El afilador
Todo cambia vertiginosamente; nos levantamos hoy y apenas conocemos el mundo que amanece con nosotros; cada día advertimos más cambios y parece que esa sea la esencia misma de nuestras vidas. Pero en medio de este frenesí siempre advertimos el detalle, la pequeña cosa que nos hace mirar al pasado con una sonrisa: hoy he vuelto a oír un sonido de mi niñez. En mitad del desayuno he escuchado una música, un silbido entrañable: era el afilador. Recuerdo de una época que prácticamente ya nos ha dejado, una época en que las cosas viejas no se tiraban, se reparaban, se afilaban, se aprovechaban al límite. Debían durar, no se compraba tanto ni de tantas maneras y lo que teníamos casi envejecía con nosotros. El consumismo no había llegado, el ritmo de vida era más pausado y humano.
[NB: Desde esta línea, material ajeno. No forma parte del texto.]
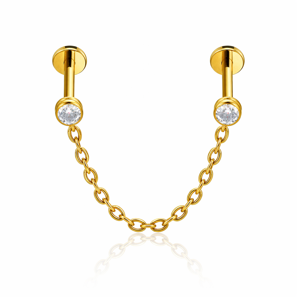 LABRET DO PIERCINGU UCHA Z CIRKONIAMI I ŁAŃCUSZKIEM ZŁOTY
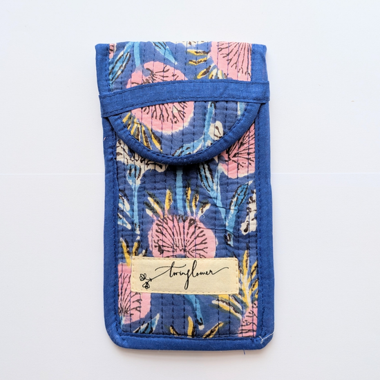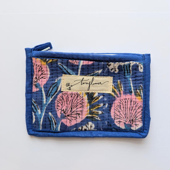 Blue & Pink Floral Block Print Quilted 3 Fold Travel Bag
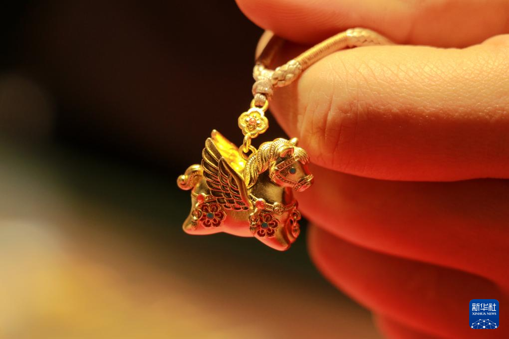 1月16日,在贵州省黔东南苗族侗族自治州从江县一家黄金店,店员在展示生肖马主题的黄金饰品。
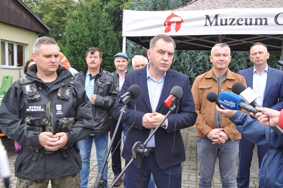 Podczas zwołanej konferencji prasowej starosta kołobrzeski Pan Tomasz Tamborski wraz z komendantem Społecznej Straży Rybackiej Powiatu Kołobrzeskiego Andrzejem Skwarkiem zaprezentowali sprzęt i wyposażenie zakupione na potrzeby funkcjonowania straży.

El afilador me devolvió a aquella época. Aún los recuerdo cuando recorrían los pueblos con aquellas bicicletas negras, y hacían sonar su sencillo instrumento con la peculiar musiquilla para que las mujeres advirtieran su presencia. Estaba inmerso en mis recuerdos cuando me asomé a la ventana para ver a mi viejo amigo: su vehículo ya no era la bicicleta negra, sino un coche, y la música no salía de un instrumento, sino de un sistema de megafonía que se encargaba de lanzar al viento una grabación, previamente enlatada.